INFORMATION SHOWN
☆ ☆ ☆ ☆ ☆

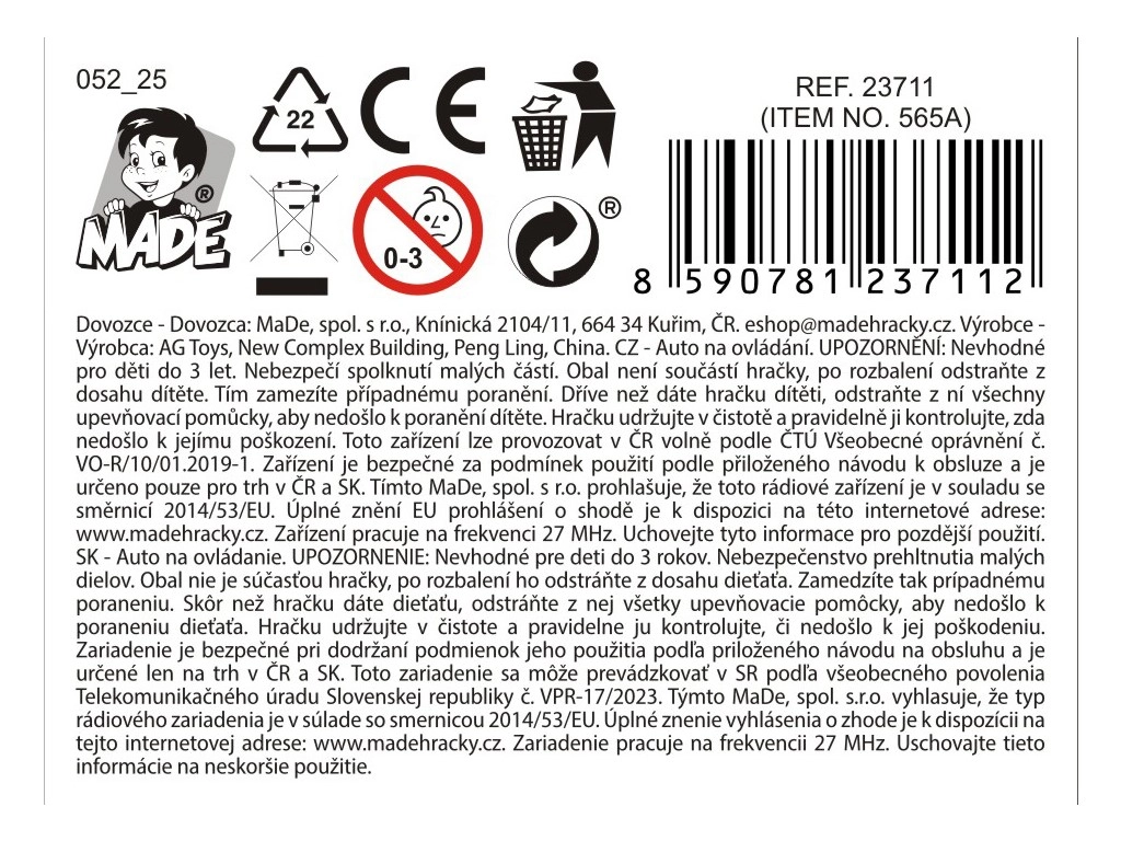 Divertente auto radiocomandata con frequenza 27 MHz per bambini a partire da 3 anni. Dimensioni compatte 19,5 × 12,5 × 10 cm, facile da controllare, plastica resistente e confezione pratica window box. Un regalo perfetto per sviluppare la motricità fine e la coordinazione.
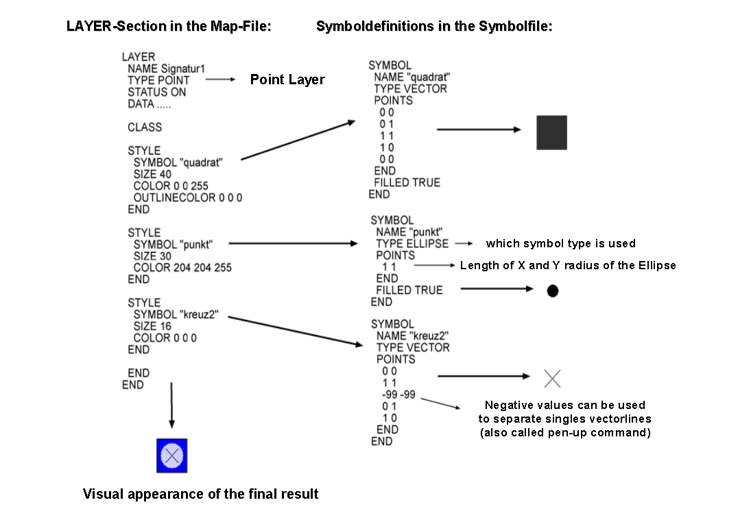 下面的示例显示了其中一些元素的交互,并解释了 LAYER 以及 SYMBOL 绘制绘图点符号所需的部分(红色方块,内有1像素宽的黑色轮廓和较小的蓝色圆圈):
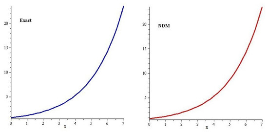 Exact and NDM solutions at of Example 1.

☆ ☆ ☆ ☆ ☆

Output the full listing verbatim, but drop the images.

WRITTEN ANSWER
 Divertente auto radiocomandata con frequenza 27 MHz per bambini a partire da 3 anni. Dimensioni compatte 19,5 × 12,5 × 10 cm, facile da controllare, plastica resistente e confezione pratica window box. Un regalo perfetto per sviluppare la motricità fine e la coordinazione.
 下面的示例显示了其中一些元素的交互,并解释了 LAYER 以及 SYMBOL 绘制绘图点符号所需的部分(红色方块,内有1像素宽的黑色轮廓和较小的蓝色圆圈):
 Exact and NDM solutions at of Example 1.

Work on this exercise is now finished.